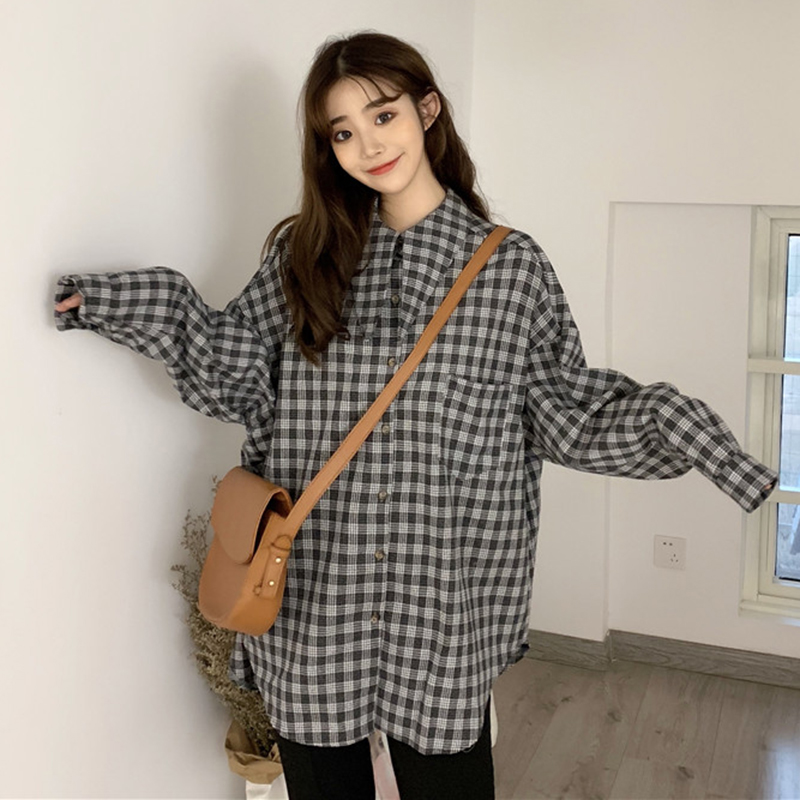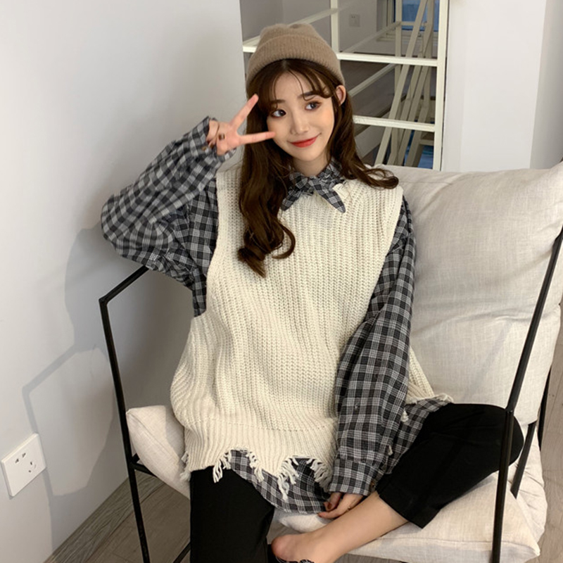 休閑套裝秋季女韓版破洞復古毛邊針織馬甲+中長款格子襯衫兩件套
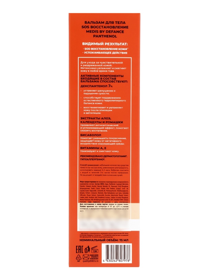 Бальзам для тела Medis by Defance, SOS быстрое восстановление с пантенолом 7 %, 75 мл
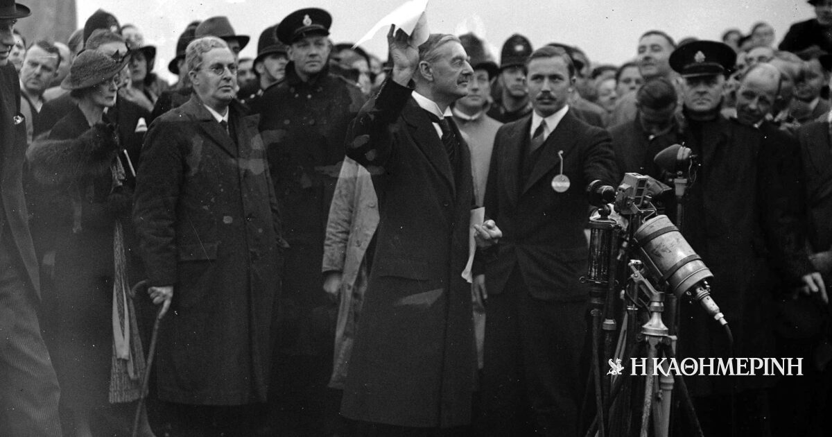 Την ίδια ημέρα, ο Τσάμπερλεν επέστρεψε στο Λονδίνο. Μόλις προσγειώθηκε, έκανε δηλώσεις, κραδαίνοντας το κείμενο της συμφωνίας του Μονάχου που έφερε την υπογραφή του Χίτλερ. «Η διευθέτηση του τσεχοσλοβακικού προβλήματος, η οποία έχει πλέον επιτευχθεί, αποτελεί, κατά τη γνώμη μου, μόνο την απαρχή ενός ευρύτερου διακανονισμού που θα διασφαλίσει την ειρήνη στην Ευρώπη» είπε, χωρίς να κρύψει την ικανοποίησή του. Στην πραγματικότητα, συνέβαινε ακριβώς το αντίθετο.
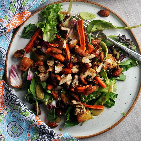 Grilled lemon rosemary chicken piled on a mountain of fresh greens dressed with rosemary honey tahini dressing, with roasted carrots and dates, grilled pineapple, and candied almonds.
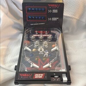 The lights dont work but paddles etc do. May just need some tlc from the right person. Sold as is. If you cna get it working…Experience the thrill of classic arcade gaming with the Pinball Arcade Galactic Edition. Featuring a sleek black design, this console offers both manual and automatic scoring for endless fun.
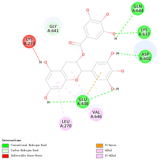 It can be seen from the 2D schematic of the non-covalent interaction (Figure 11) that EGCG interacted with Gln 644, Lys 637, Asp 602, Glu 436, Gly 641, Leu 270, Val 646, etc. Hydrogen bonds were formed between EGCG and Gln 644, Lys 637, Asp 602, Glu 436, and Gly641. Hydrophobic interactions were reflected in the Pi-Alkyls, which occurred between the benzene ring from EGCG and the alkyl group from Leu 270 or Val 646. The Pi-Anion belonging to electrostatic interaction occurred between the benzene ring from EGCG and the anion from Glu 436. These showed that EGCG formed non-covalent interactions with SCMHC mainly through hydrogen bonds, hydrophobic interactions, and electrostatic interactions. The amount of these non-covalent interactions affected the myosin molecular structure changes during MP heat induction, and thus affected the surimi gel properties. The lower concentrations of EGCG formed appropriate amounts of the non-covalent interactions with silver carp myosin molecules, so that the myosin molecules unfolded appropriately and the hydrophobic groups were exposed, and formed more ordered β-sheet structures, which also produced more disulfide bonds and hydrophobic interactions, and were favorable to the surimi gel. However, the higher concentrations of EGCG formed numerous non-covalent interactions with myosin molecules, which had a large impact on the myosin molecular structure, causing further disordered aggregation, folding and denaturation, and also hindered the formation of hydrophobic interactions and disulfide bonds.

What to work on: Given the entries above, transcribe exactly the lines from the one holding "Την ίδια ημέρα, ο" through the one holding "Grilled lemon rosemary"; pictures do not belong in the transcription.

Your response:
 Την ίδια ημέρα, ο Τσάμπερλεν επέστρεψε στο Λονδίνο. Μόλις προσγειώθηκε, έκανε δηλώσεις, κραδαίνοντας το κείμενο της συμφωνίας του Μονάχου που έφερε την υπογραφή του Χίτλερ. «Η διευθέτηση του τσεχοσλοβακικού προβλήματος, η οποία έχει πλέον επιτευχθεί, αποτελεί, κατά τη γνώμη μου, μόνο την απαρχή ενός ευρύτερου διακανονισμού που θα διασφαλίσει την ειρήνη στην Ευρώπη» είπε, χωρίς να κρύψει την ικανοποίησή του. Στην πραγματικότητα, συνέβαινε ακριβώς το αντίθετο.
 Grilled lemon rosemary chicken piled on a mountain of fresh greens dressed with rosemary honey tahini dressing, with roasted carrots and dates, grilled pineapple, and candied almonds.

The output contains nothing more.